_Data:_
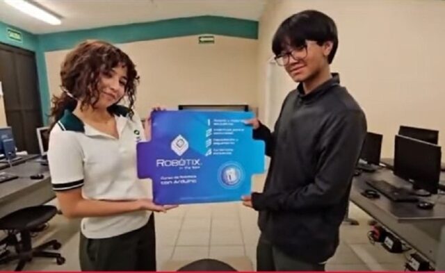 Hermosillo, Sonora. 16 de junio de 2025.- Danna Kamila Encinas Alcaraz y Geovanny Cabral Zavala, estudiantes del Colegio de Educación Profesional Técnica del Estado de Sonora (Conalep), junto con su asesora América Valenzuela, obtuvieron el segundo lugar en el concurso nacional “RobotiX.Faire 24-25”.
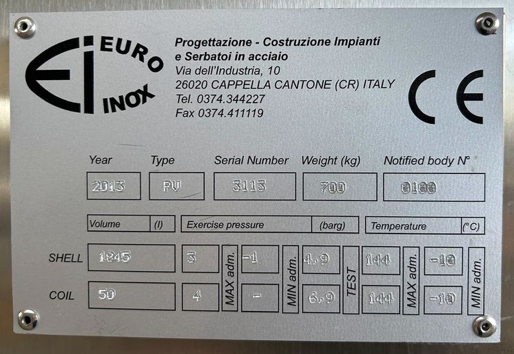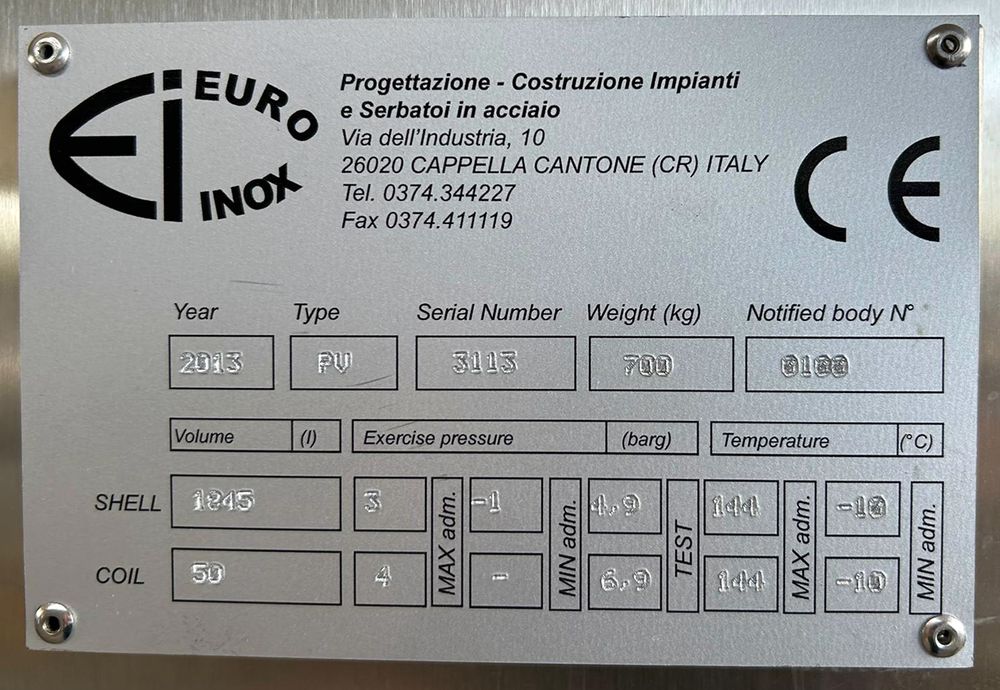 Maximum Allowable Pressure (PS) Chamber: 3 bar
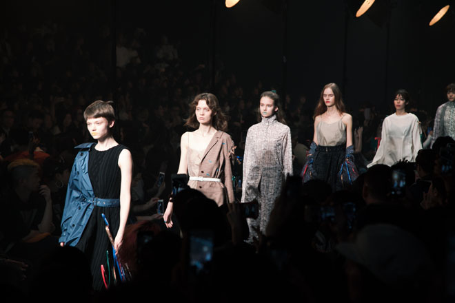 衣服の要所要所に編みこんだリボンや、素材の妙を活かした多種多様なオリジナルテキスタイルなどティート トウキョウを象徴するポイントを織り交ぜながら、今季はモーヴピンクのフードつきのアランセーターや、パジャマ風のモヘアジャケットなど、シルエットに適度な緩さをもたせたガーリーな、またノスタルジックな雰囲気をたたえたアイテムを揃えた。
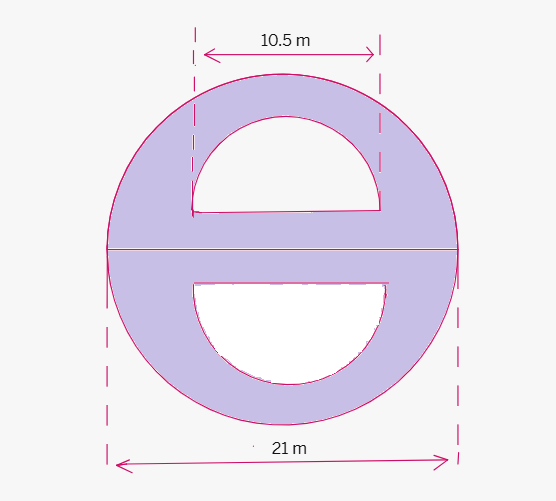 Area of two inner semi-circles = 2 × 13.78π
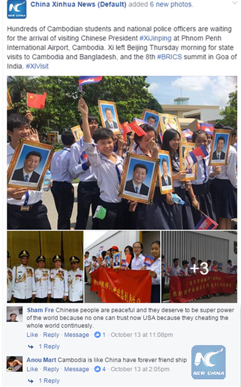 President Xi's visit would further strengthen the "deeply-rooted historical relationship" between China and Cambodia, and enhance the "unbreakable friendship," a netizen said on Facebook.
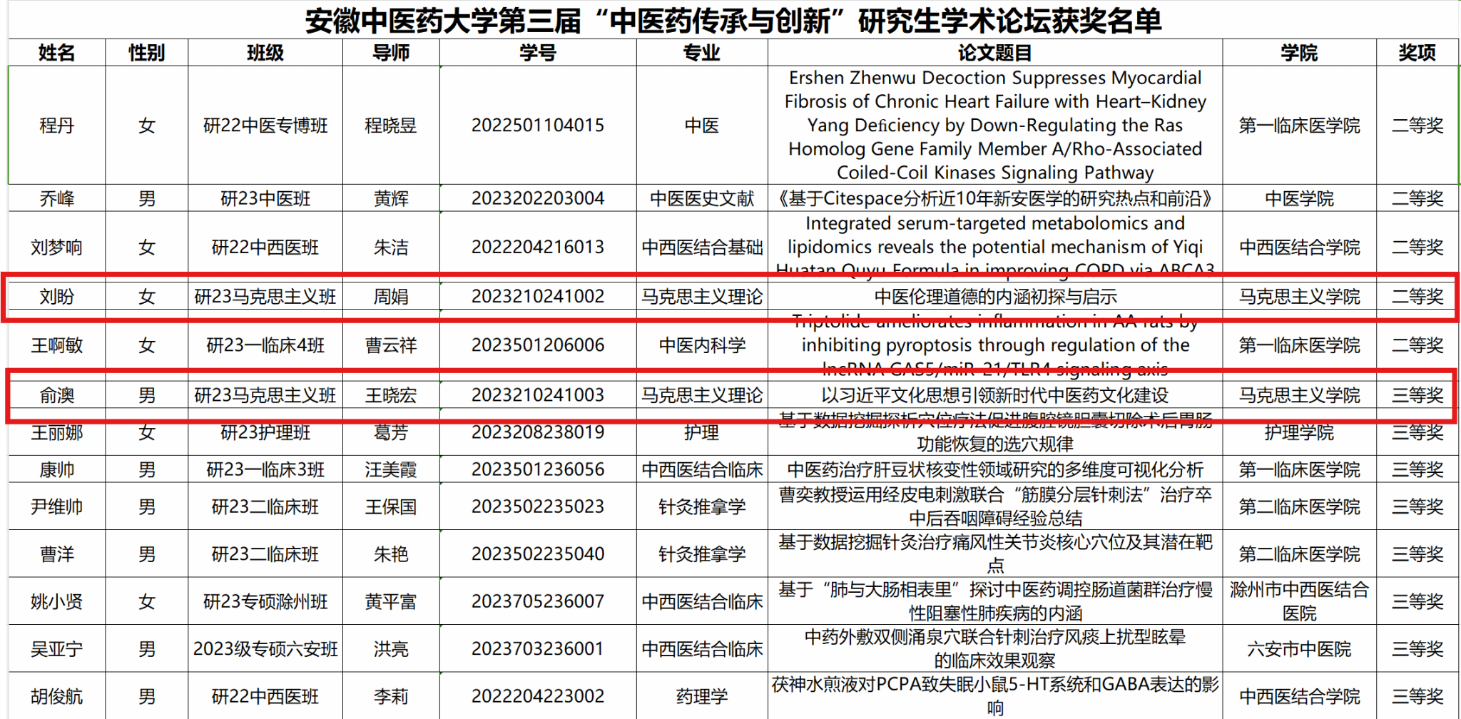 刘盼同学提交的《中医伦理道德的内涵初探与启示》一文获二等奖,俞澳同学提交的《以习近平文化思想引领新时代中医药文化建设》一文获三等奖。
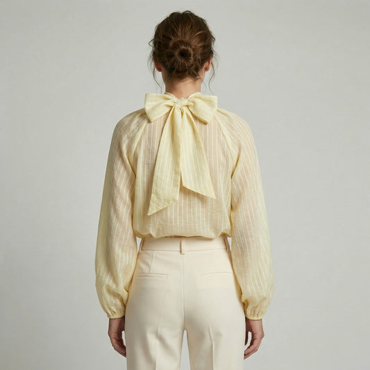 Chemisier Rayé à Volants Col Nœud Arrière Manches Bouffantes Élastique
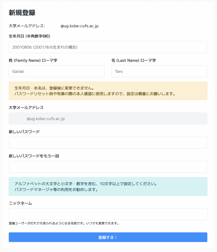 - 姓・名をローマ字表記で入力し (大学内アカウントの表記と一緒にすると良いです)
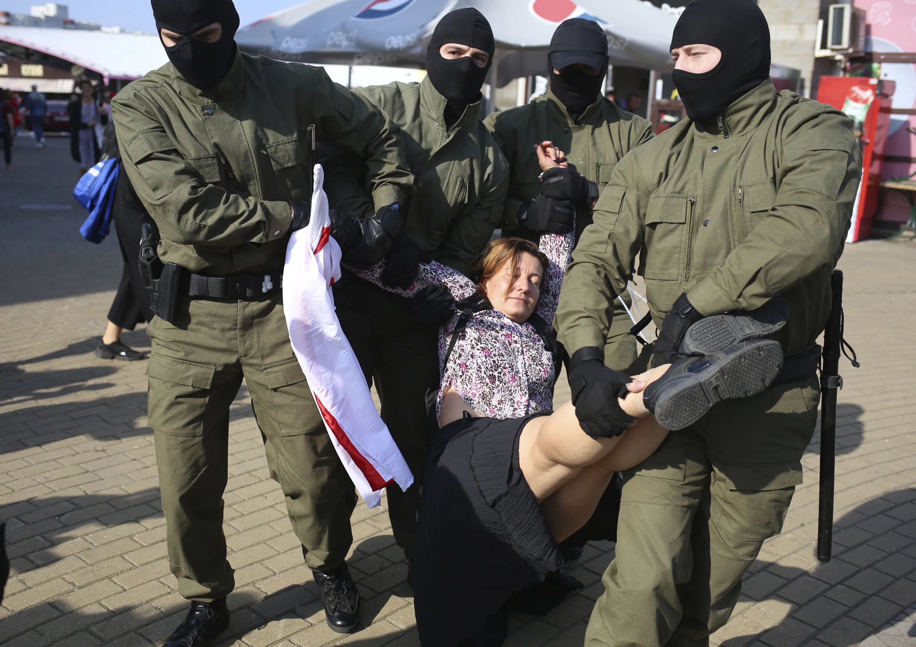 Police officer detain a woman with an old Belarusian national flag during an opposition rally to protest the official presidential election results in Minsk, Belarus, Saturday, September 26, 2020. (Photo by TUT.by via AP Photo)
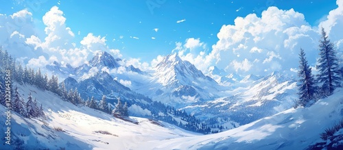 Snowy mountain landscape featuring majestic peaks under a bright blue sky with fluffy white clouds and foreground of pristine snow drifts and pine trees

_Exercise instructions:_ Begin at the line with "刘盼同学提交的《中医伦理道德" and retype exactly every line through the last one of the entries above, both included, and nothing more; pictures stay out.

_Reply:_
 刘盼同学提交的《中医伦理道德的内涵初探与启示》一文获二等奖,俞澳同学提交的《以习近平文化思想引领新时代中医药文化建设》一文获三等奖。
 Chemisier Rayé à Volants Col Nœud Arrière Manches Bouffantes Élastique
 - 姓・名をローマ字表記で入力し (大学内アカウントの表記と一緒にすると良いです)
 Police officer detain a woman with an old Belarusian national flag during an opposition rally to protest the official presidential election results in Minsk, Belarus, Saturday, September 26, 2020. (Photo by TUT.by via AP Photo)
 Snowy mountain landscape featuring majestic peaks under a bright blue sky with fluffy white clouds and foreground of pristine snow drifts and pine trees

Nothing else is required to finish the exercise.